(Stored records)
════════════════

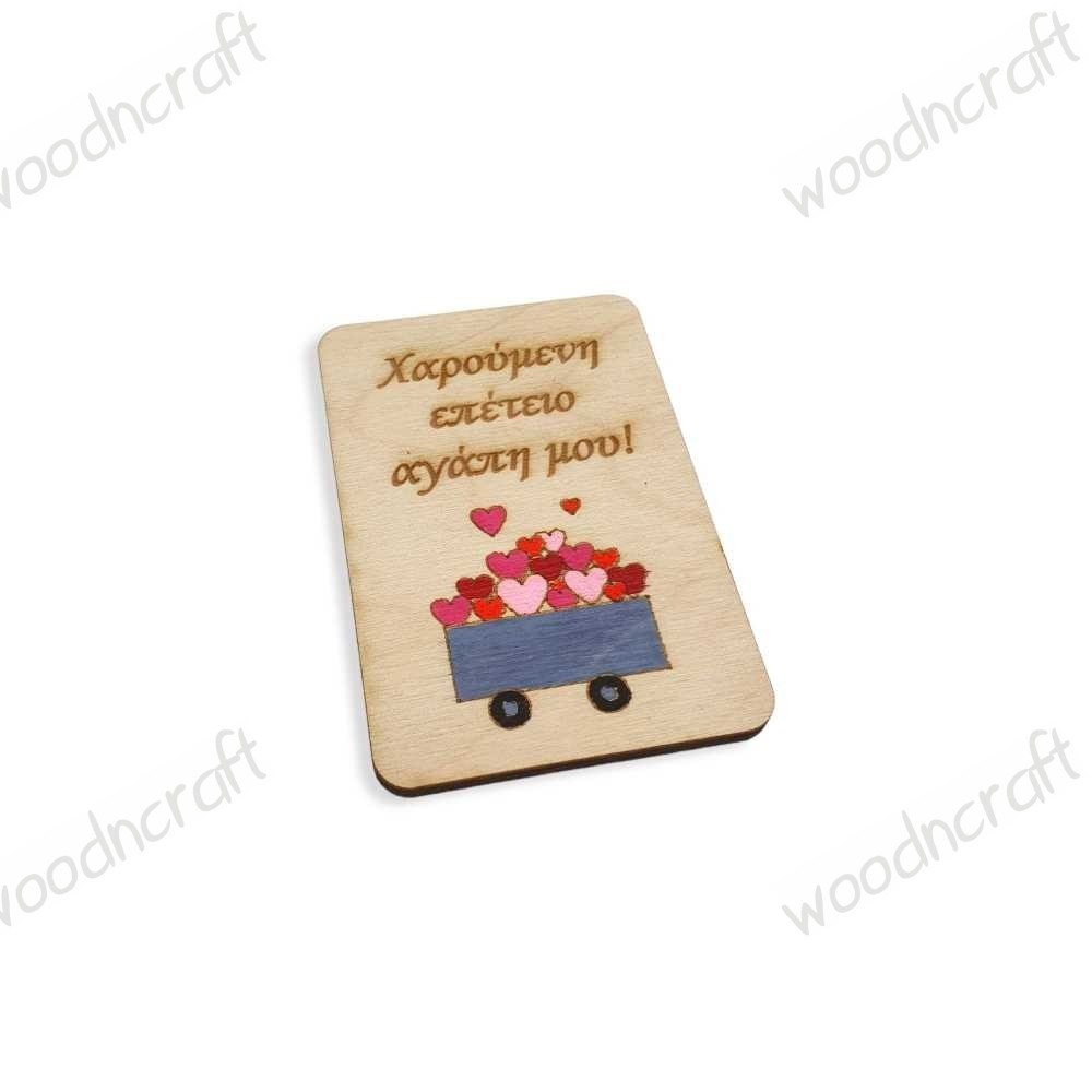 Προσωποποιημένο ξύλινο μαγνητάκι με σχέδιο ένα βαγόνι γεμάτο καρδιές και χάραξη της δικής σας αφιέρωσης!
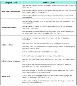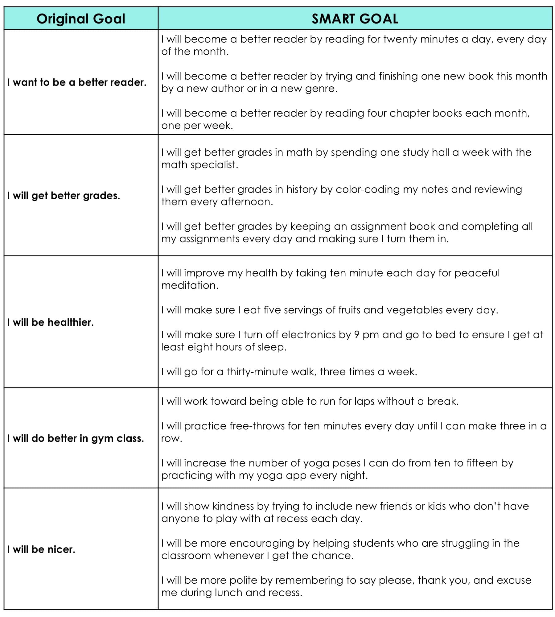 If your students are drawing a blank, here are some common goals that have been rewritten to utilize SMART goal-setting.
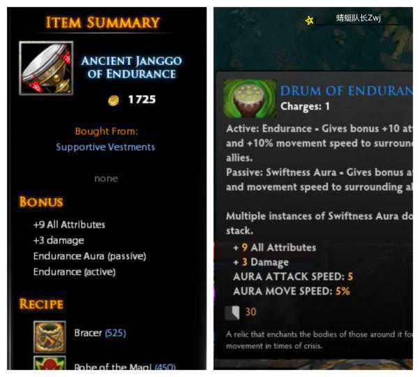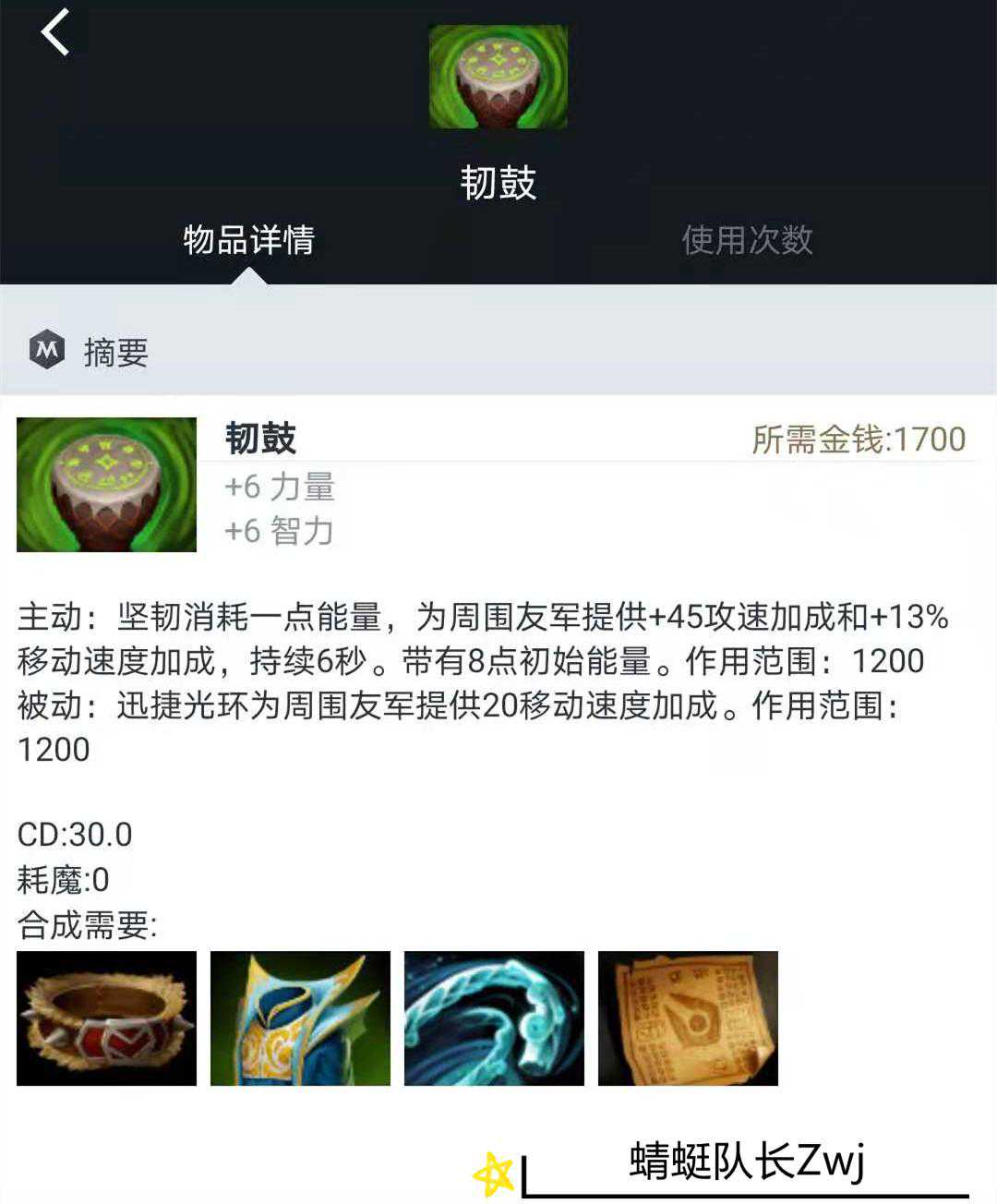 Tip:1700块钱的中件,却仅仅提供6点智力与力量和光环效果(主动+被动),简直是抠门到了极点(性价比极低),无论是在路人局还是比赛中,这件装备的出场率都低得可怕。关于战鼓这件道具,我在另外一篇文章中就提到过了,但是因为我对这件道具有点特殊的情感,所以我这次又将这件道具提了出来。
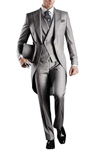 3-teiliges Set für Herren, formelles Revers, Ein-Knopf-Anzug, Abschlussball, Smoking, Hochzeit, Blazer, Weste, Hose, Grau 9, 3 Stück, XXL
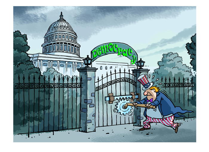 美國(guó)兩黨沉迷黨爭(zhēng),無意解決民生困境。美國(guó)聯(lián)邦政府頻繁“停擺”,不僅暴露了其兩黨為服務(wù)自身政治目的的私心,更暴露了美式民主的制度缺陷和治理失能。
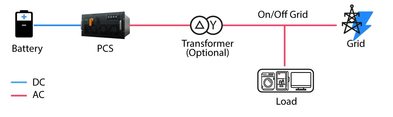 Das Batteriespeichersystem wandelt gespeicherte Energie intelligent in nutzbaren Strom um. Die in der Batterie gespeicherte Energie liegt als Gleichstrom (DC) vor und wird über das Power Conversion System (PCS) in Wechselstrom (AC) umgewandelt. Dieser kann direkt an Verbraucher weitergeleitet oder ins öffentliche Netz eingespeist werden. Ein optionaler Transformator ermöglicht die Anpassung an höhere Netzspannungen - ideal für gewerbliche oder industrielle Anwendungen. Dabei lässt sich das System sowohl netzgebunden (On-Grid) als auch netzunabhängig (Off-Grid) betreiben. Im Off-Grid-Modus übernimmt es bei Netzausfällen zuverlässig die Stromversorgung. Das Ergebnis: Eine intelligente, flexible Energieverteilung - für maximale Eigenverbrauchsoptimierung, Netzeinspeisung oder sichere Notstromversorgung.
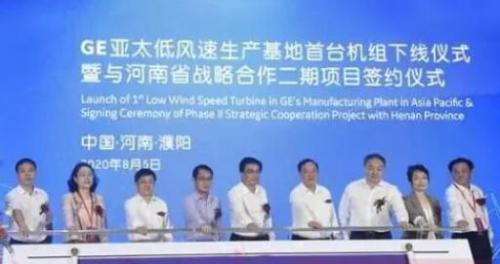 8月5日,美国通用电气(GE)在濮阳建设的亚太低风速风电设备生产基地首台机组下线,标志着河南省与通用电气开展战略合作迈出坚实步伐。
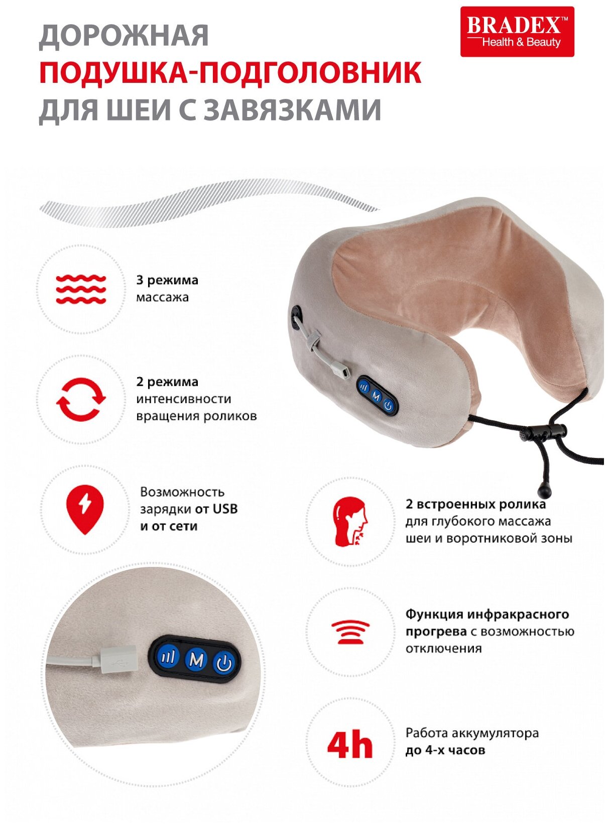 Массажная подушка для шеи Bradex KZ 0557
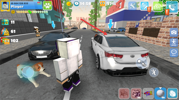 1、在場景中可自由移動探索留意各類建筑和互動元素,如寵物商店可前往探索移動時可收集資源或觸發互動豐富游戲體驗。
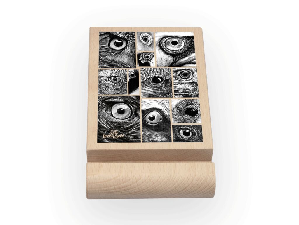 Lesní svět Stojánek na mobil a tablet L – Oči černobílé
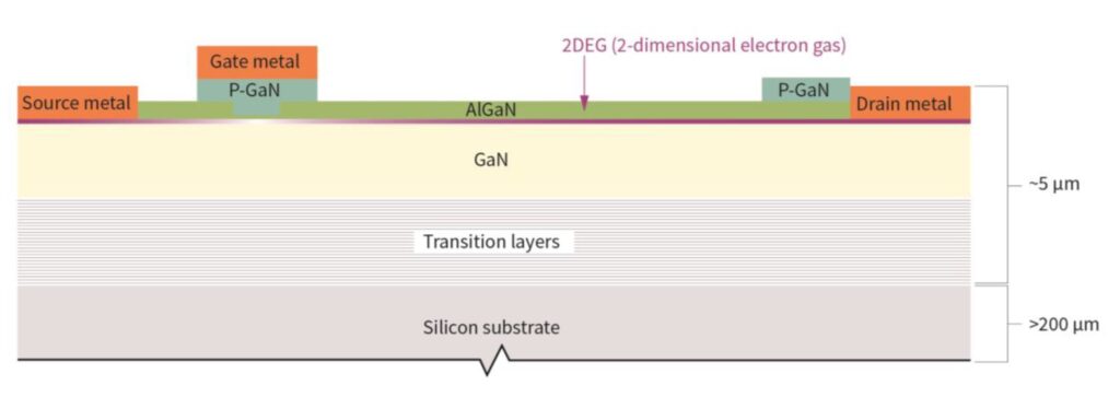 It’s not just the structure; device physics are different for GaN and Si. In a GaN HEMT, a thin high-density layer of electrons called a 2-dimensional gas (2DEG) forms between the GaN and AlGaN layers (Figure 1). When an enhancement-mode GaN HEMT is unbiased (OFF), the 2DEG layer is broken beneath the gate, preventing current flow. A sufficiently high positive gate to source voltage generates a vertical field beneath the gate, reforming the 2DEG, completing the circuit between the drain and source, and turning the device ON.
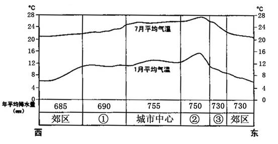 小题1:直接读图可判断,市中心较郊区气温高,降水多。
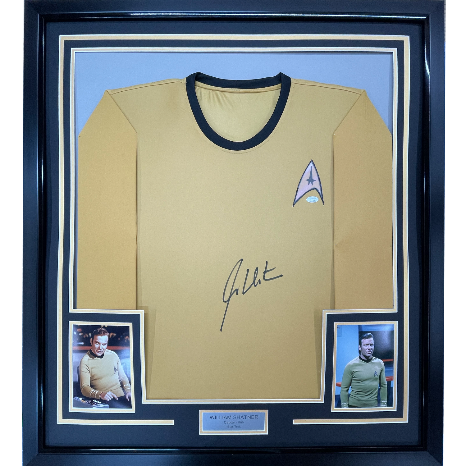 Camisa/uniforme del Capitán Kirk de Star Trek, enmarcada, autografiada y firmada por William Shatner, 35 x 39, JSA COA
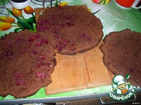 Готовые коржи намазать творожным кремом. Также смазать кремом бока и верхушку. |
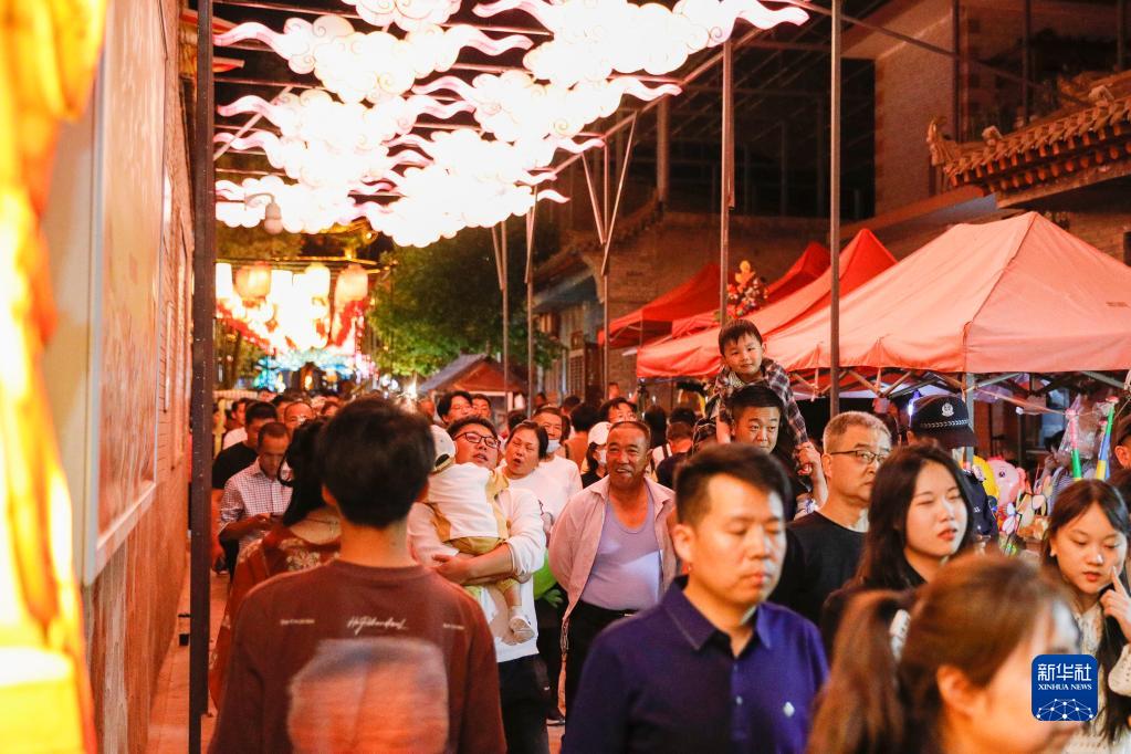 5月19日,游客在河口古鎮“黃河燈展”游覽。

════════════════

Problem details:
Return exactly the lines above, from the one with "1、在場景中可自由移動探索留" up to and including the one with "Camisa/uniforme del Capitán", and include no pictures.

Result below:
 1、在場景中可自由移動探索留意各類建筑和互動元素,如寵物商店可前往探索移動時可收集資源或觸發互動豐富游戲體驗。
 Lesní svět Stojánek na mobil a tablet L – Oči černobílé
 It’s not just the structure; device physics are different for GaN and Si. In a GaN HEMT, a thin high-density layer of electrons called a 2-dimensional gas (2DEG) forms between the GaN and AlGaN layers (Figure 1). When an enhancement-mode GaN HEMT is unbiased (OFF), the 2DEG layer is broken beneath the gate, preventing current flow. A sufficiently high positive gate to source voltage generates a vertical field beneath the gate, reforming the 2DEG, completing the circuit between the drain and source, and turning the device ON.
 小题1:直接读图可判断,市中心较郊区气温高,降水多。
 Camisa/uniforme del Capitán Kirk de Star Trek, enmarcada, autografiada y firmada por William Shatner, 35 x 39, JSA COA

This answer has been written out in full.